# [WORK ITEM]
Among the entries below, find all lines that include "Triebel" and copy them.

# [Dataset records]
========

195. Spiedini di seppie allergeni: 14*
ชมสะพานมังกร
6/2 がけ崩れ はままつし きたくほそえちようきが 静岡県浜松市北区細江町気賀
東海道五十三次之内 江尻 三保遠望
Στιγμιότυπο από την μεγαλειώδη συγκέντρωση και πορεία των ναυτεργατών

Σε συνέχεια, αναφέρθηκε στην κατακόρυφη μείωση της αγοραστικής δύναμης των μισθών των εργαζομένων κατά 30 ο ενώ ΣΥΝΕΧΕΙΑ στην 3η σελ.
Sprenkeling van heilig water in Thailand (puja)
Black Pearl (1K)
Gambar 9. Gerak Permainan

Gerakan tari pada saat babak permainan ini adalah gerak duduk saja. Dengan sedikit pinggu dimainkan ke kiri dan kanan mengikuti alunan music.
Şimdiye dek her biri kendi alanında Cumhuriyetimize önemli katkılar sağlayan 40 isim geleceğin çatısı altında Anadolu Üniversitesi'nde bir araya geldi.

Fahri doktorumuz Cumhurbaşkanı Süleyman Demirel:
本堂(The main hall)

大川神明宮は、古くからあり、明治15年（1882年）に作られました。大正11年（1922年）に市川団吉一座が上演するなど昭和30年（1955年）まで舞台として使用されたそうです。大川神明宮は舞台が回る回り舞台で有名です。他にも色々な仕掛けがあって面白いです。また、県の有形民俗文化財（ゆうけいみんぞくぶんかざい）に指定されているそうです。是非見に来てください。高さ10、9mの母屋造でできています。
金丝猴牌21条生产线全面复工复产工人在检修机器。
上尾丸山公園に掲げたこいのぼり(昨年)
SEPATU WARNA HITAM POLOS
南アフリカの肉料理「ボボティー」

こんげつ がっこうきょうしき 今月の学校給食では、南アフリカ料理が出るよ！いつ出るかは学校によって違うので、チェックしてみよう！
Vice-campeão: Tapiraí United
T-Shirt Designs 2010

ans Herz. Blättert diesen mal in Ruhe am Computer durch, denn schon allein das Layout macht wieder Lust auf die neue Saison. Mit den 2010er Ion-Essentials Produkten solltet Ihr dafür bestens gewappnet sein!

========

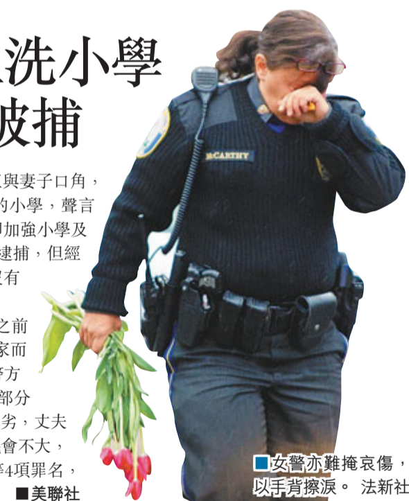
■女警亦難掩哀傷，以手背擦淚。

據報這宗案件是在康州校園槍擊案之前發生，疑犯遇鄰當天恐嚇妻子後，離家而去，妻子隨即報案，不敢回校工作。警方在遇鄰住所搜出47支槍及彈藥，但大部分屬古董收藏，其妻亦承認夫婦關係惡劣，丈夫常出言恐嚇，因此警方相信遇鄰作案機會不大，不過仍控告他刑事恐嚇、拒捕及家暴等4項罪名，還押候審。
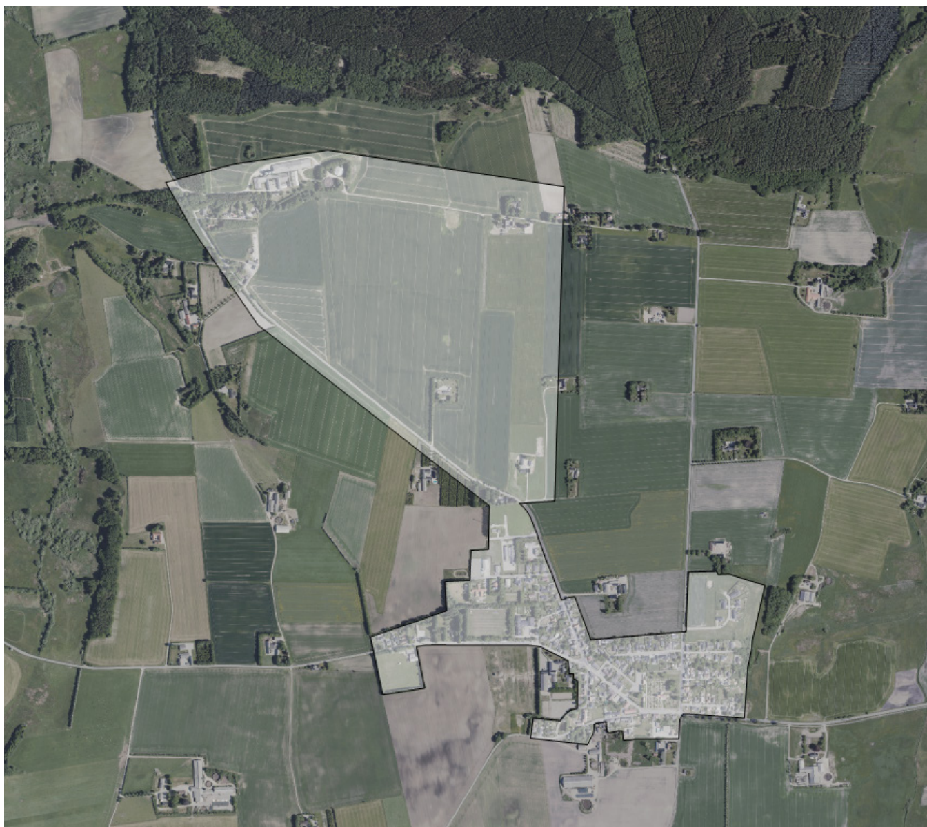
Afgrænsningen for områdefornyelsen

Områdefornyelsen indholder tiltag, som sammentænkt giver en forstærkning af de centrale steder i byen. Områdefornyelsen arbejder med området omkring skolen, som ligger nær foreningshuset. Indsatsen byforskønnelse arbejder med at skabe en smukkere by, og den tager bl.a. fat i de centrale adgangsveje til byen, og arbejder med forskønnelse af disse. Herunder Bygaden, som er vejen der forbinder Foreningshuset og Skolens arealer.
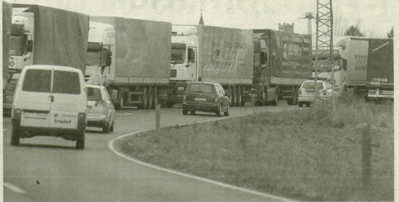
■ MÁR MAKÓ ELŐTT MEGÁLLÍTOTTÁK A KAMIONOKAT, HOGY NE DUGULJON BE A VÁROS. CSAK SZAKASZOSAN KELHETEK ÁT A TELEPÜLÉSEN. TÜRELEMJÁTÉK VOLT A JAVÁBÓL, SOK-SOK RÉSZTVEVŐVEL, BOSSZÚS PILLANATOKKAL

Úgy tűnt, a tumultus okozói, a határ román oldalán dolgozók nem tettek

========

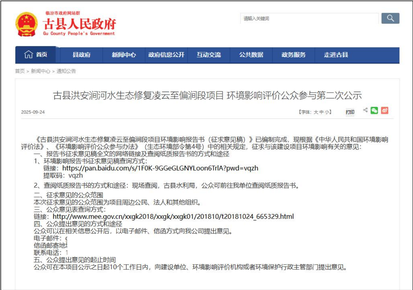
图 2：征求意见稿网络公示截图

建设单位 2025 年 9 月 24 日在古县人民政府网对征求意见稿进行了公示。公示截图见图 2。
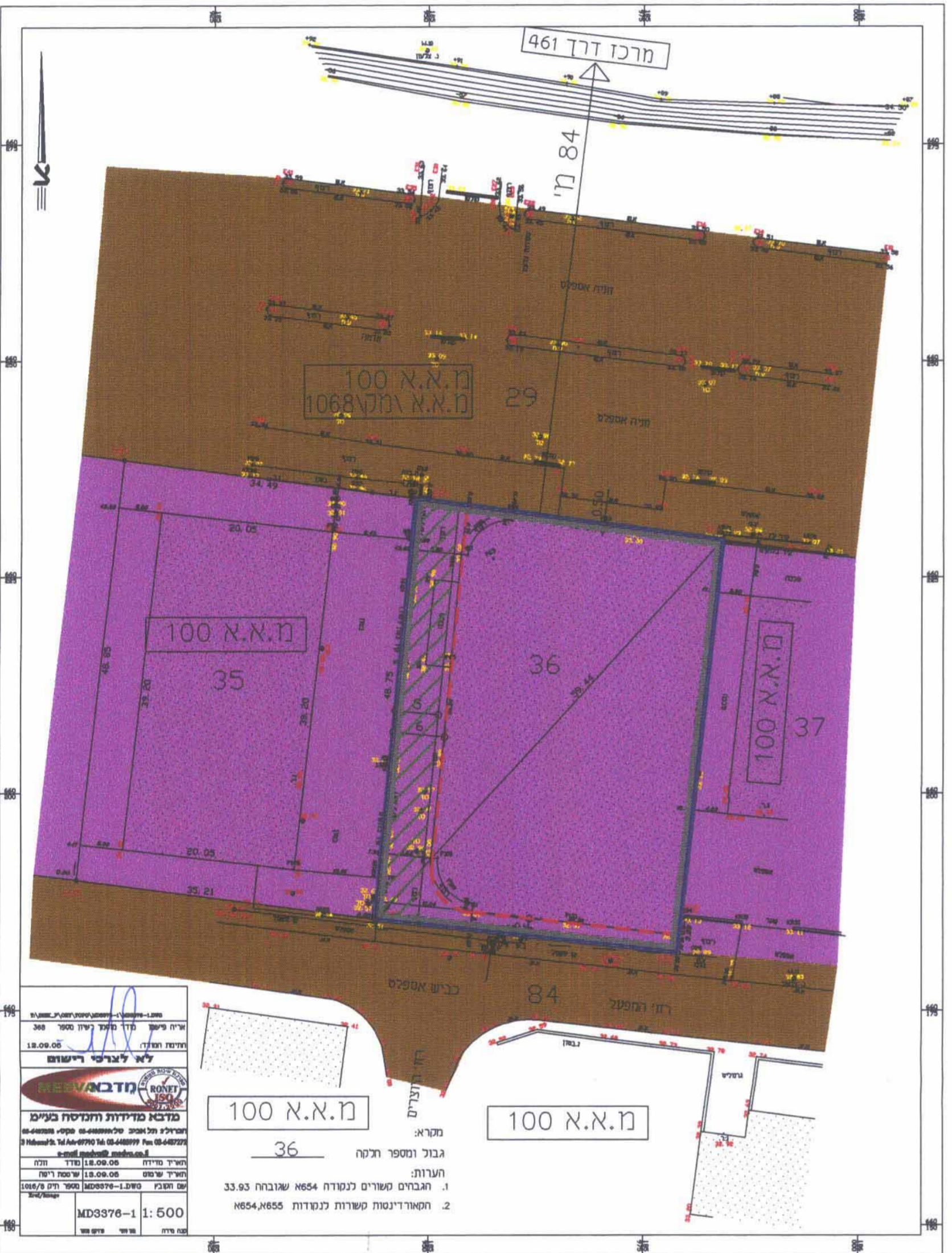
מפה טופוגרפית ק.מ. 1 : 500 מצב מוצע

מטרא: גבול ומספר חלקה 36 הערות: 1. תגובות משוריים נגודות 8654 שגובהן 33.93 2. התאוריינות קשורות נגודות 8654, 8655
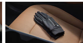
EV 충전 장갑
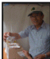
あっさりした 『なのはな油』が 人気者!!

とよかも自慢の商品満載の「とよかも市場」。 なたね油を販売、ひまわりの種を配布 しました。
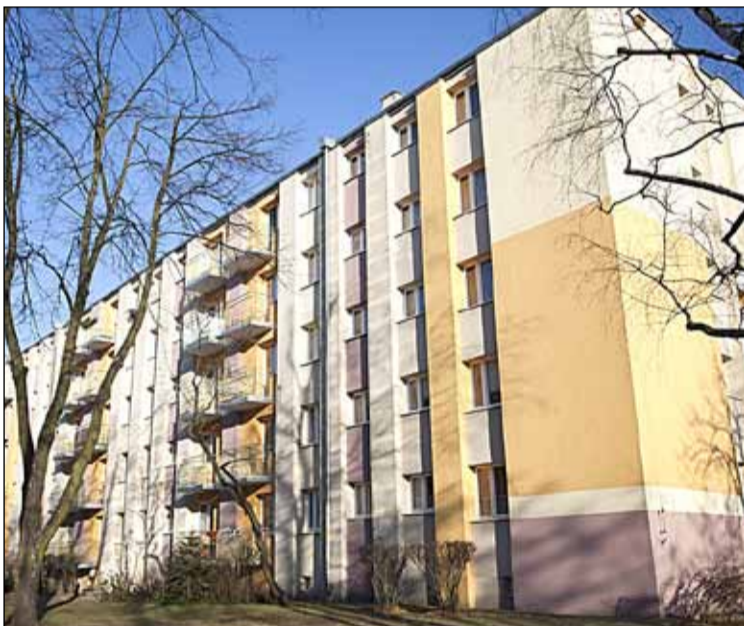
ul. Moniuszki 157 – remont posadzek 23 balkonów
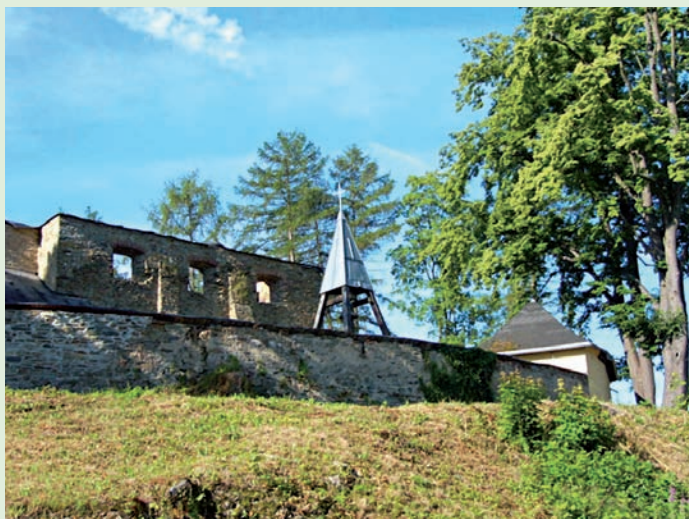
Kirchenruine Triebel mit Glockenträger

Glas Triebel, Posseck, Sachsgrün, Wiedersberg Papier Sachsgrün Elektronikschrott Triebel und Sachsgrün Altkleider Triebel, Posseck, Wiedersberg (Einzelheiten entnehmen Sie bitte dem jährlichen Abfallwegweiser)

========

# [ANSWER FOR THIS EXERCISE]
Kirchenruine Triebel mit Glockenträger
Glas Triebel, Posseck, Sachsgrün, Wiedersberg Papier Sachsgrün Elektronikschrott Triebel und Sachsgrün Altkleider Triebel, Posseck, Wiedersberg (Einzelheiten entnehmen Sie bitte dem jährlichen Abfallwegweiser)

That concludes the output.